It may be interesting to look at a more completely labeled die image (eg. a recent AMD laptop chip [1]).

I/O controllers, various PHYs, the display pipeline and the media engine account for a significant fraction of chip.

We also know the M1 has an integrated SSD controller, ISP and Thunderbolt which probably take a good chunk of room too.

[1] https://potatopc.net/amd-renoir-die-annotation-raises-hopes-...


> We also know the M1 has an integrated SSD controller, ISP and Thunderbolt which probably take a good chunk of room too.

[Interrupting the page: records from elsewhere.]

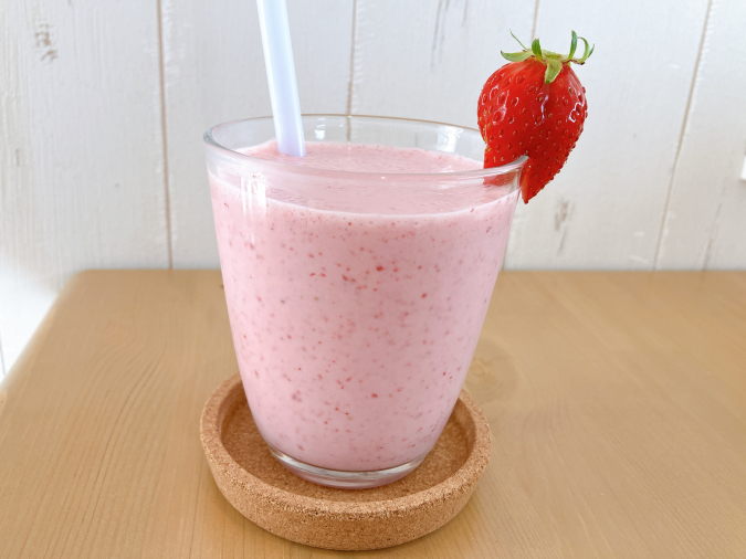 "Strawberry Milk Smoothie" (650 yen) made with plenty of strawberries.
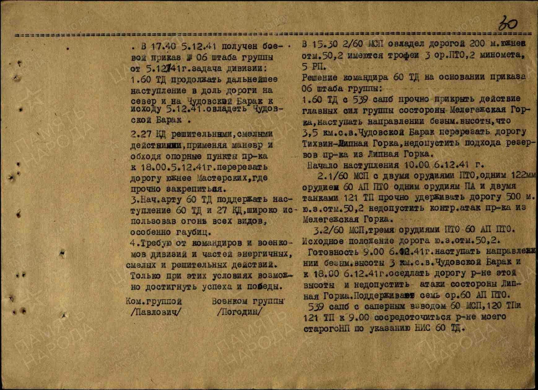 1. 60 ТД продолжать дальнейшее наступление вдоль дороги на север и на Чудовский Барак. К исходу 05 декабря 1941 года овладеть Чудовским Бараком.
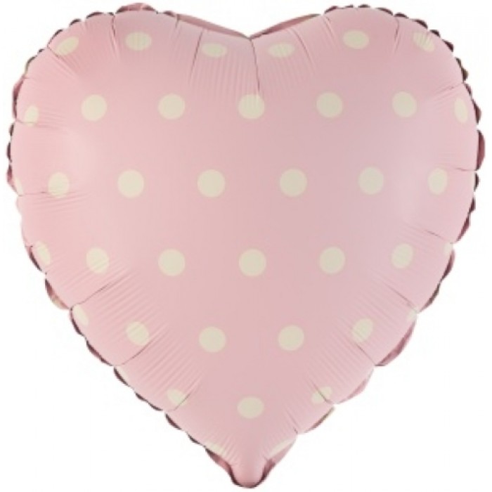 Шар (18''/46 см) Сердце, Кремовый горошек, Розовый, 1 шт.
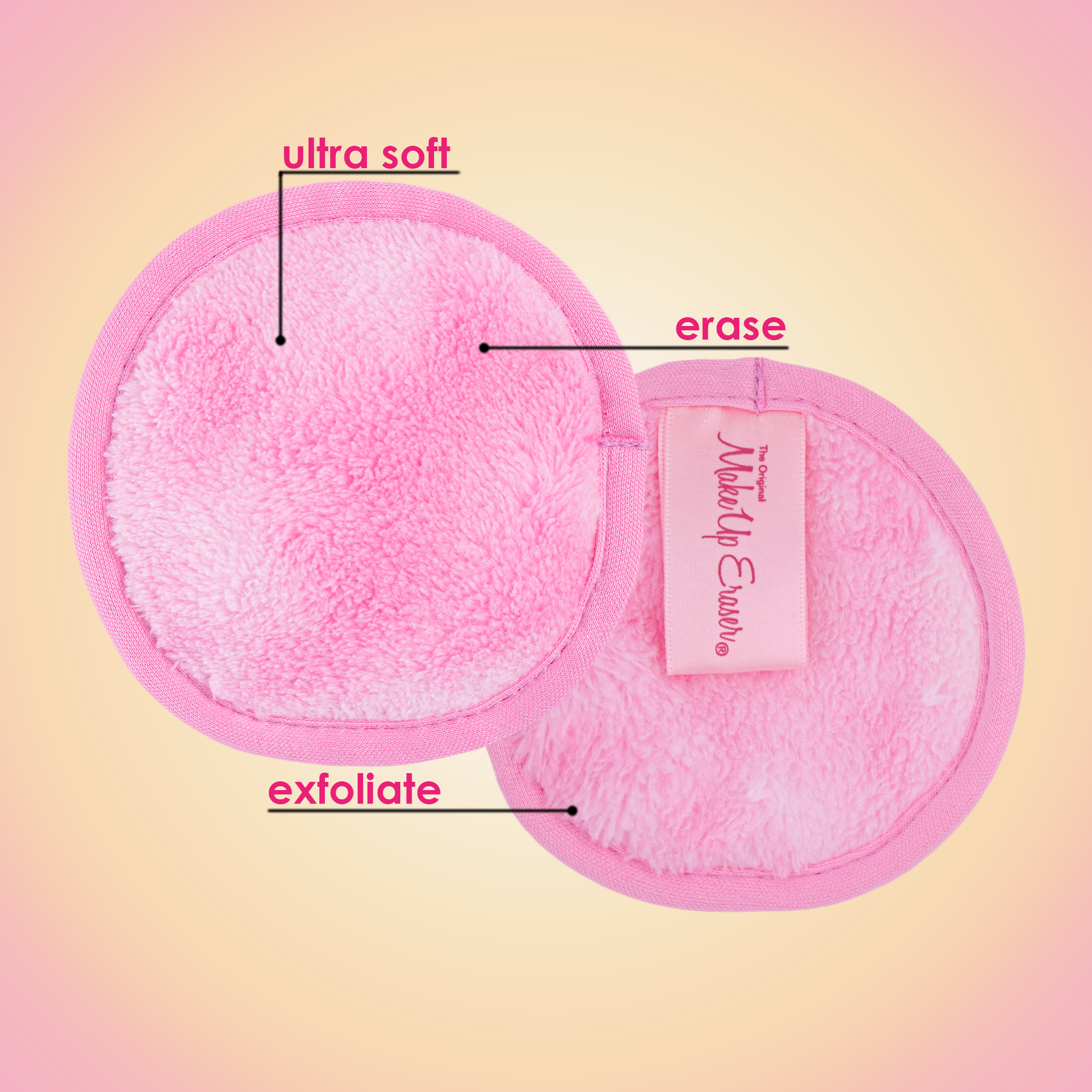 Erase all makeup with JUST WATER™ including waterproof. Our patented, water-activated, cloud-soft fibers gently & easily remove all makeup & sunscreen from pores. 2 in 1 benefit: one side erases makeup & one side exfoliates skin.
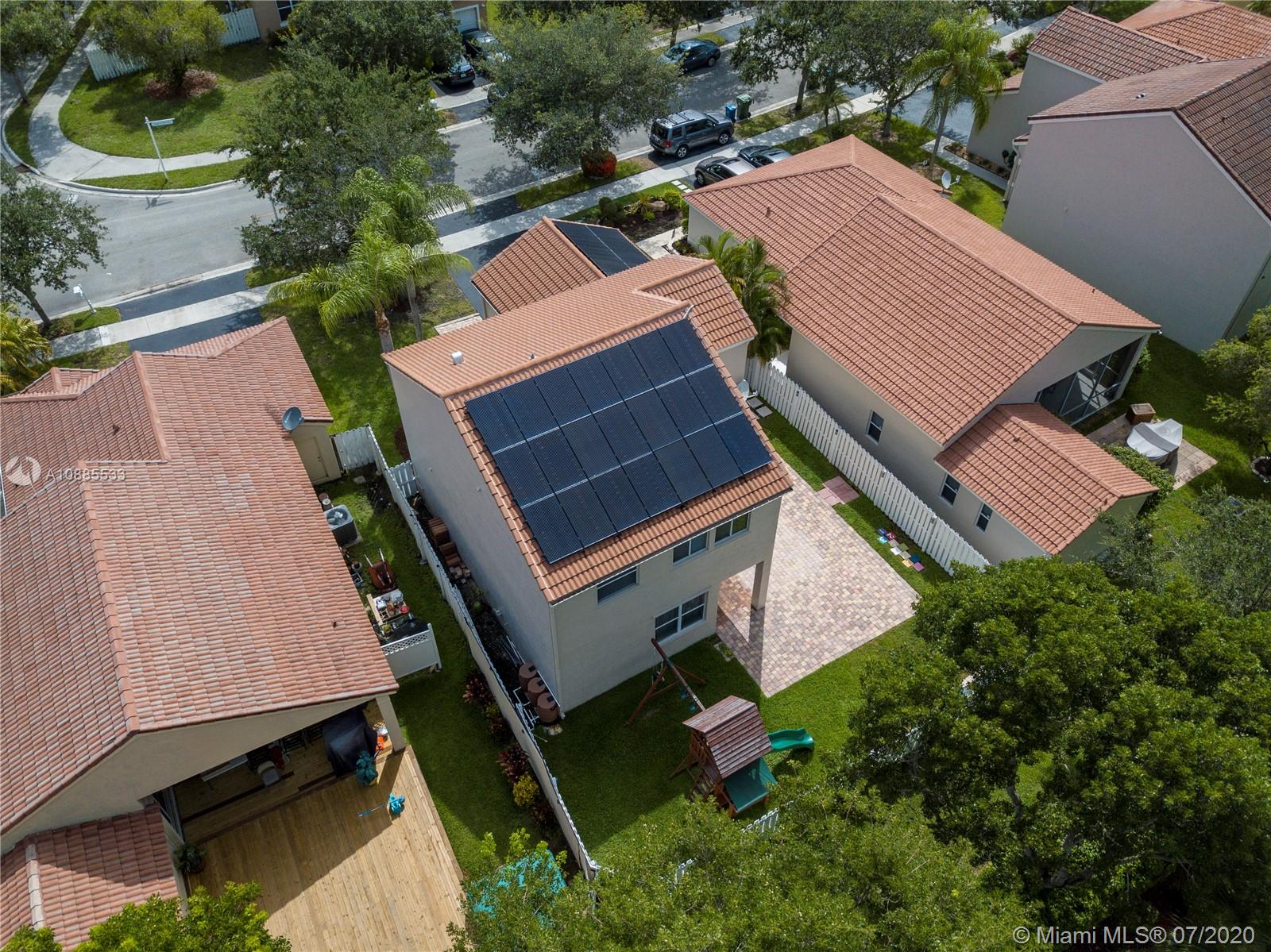 One of the largest floor plans in The Falls, a two-story with 3 bedrooms and 2.5 bathrooms is on the search for a new family. This Updated model, with lots of natural light, features a large living room with 18ft ceilings, formal dining and family room. Open kitchen with granite countertops. NEW ENERGY EFFICIENT ROOF WITH SOLAR PANELS and more.. Freshly painted. Tile floors and Brand new grey carpet just installed in second story. All bedrooms upstairs. Large Master bedroom with walk-in closet. All bathrooms were just updated. Fenced Large Yard. Excellent Floorplan For Entertaining! Steps away to common Swimming Pool surrounded by the lake, Playground, and sports courts. New Washer and Dryer. Walking distance to A+ Rated Schools, Restaurants, Shops, and Parks! Easy and Ready To Show!
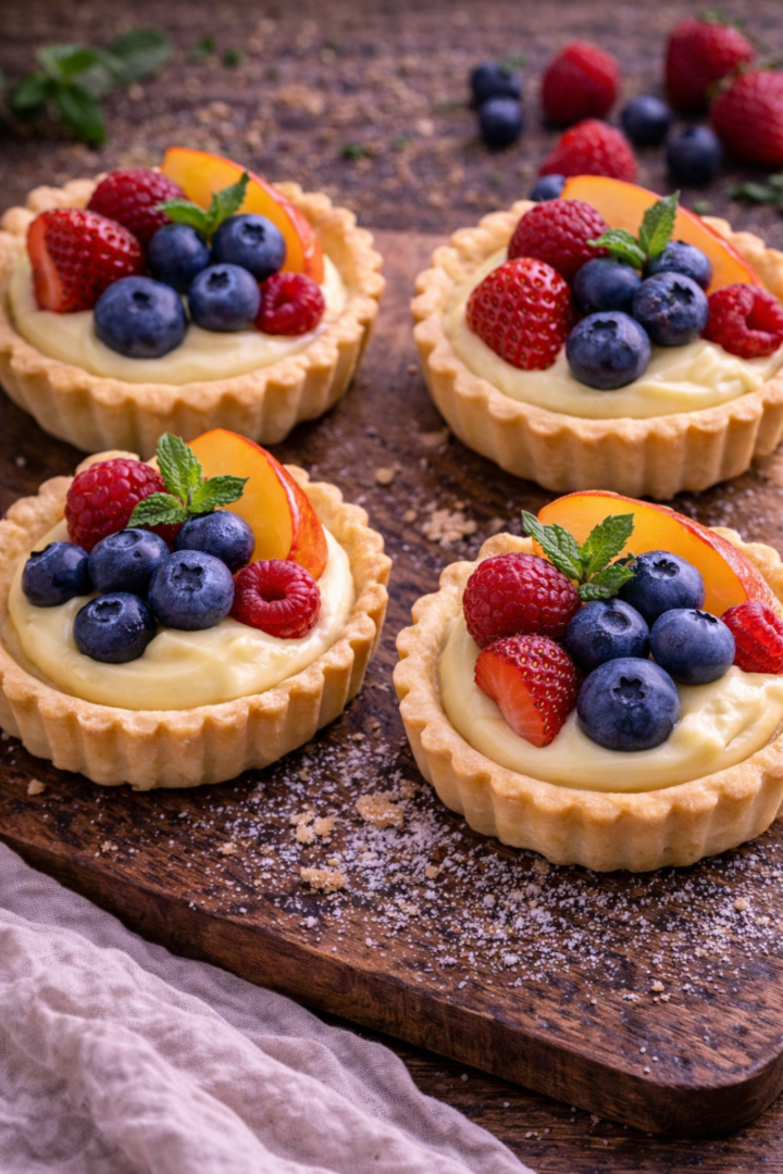 Kruche tartaletki z kremem waniliowym i owocami

SSD controller and even Thunderbolt. That's the most integrated SoC I've heard of.


Cache, GPU, Secure Enclave, Neural processors, peripheral controllers. GPU takes the lion’s share.


The Cache, GPU, and NPU are all already labeled in the image.

The Secure Enclave is a good one to point out that is in the unlabeled space.

Certainly some non-DDR peripherals are in the unlabeled space, but it would be neat to have a more comprehensively labeled diagram. I wouldn't expect most peripherals to take up so many transistors compared to the processor cores.


There's probably 4 lanes of pcie to connect the nvme ssd to, a couple more lanes to run the thunderbolt controllers, 2-3 usb controllers + a hub to connect the keyboard and touchpad, an audio dac and some thermal and power usage monitoring. They might even put the ethernet controller that shoes up on the Mac mini in there.


Sorry, was looking at the marketing image. The enclave would be quite tiny though. Id say most of the undocumented part is custom glue logic which isn’t particularly identifiable.


What's all the stuff that isn't annotated with a yellow rectangle?


This is a SoC, not a CPU. The majority of the non-annotated is glue logic, I/O, etc.


That's alot of glue! I would say ~50%! What is the system cache? nm, see question below: https://news.ycombinator.com/item?id=25547796


It has a lot of roles. You have memory controllers, i/o controllers. Not sure if the SSD controllers is also part of it. Then the dedicated video encode/decode the image processing the neural engine. There's a lot of features.


It lists the nvme drive as being attached to "Apple Fabric" so that sounds like an internal bus of some description....


Can someone explain to me, what the term "bionic" means in this context? How is the chip derived from nature / natural systems?


Pure speculation: the word bionic means using an artificial body part. The A14 Bionic includes a new Neural Engine for Artificial Intelligence.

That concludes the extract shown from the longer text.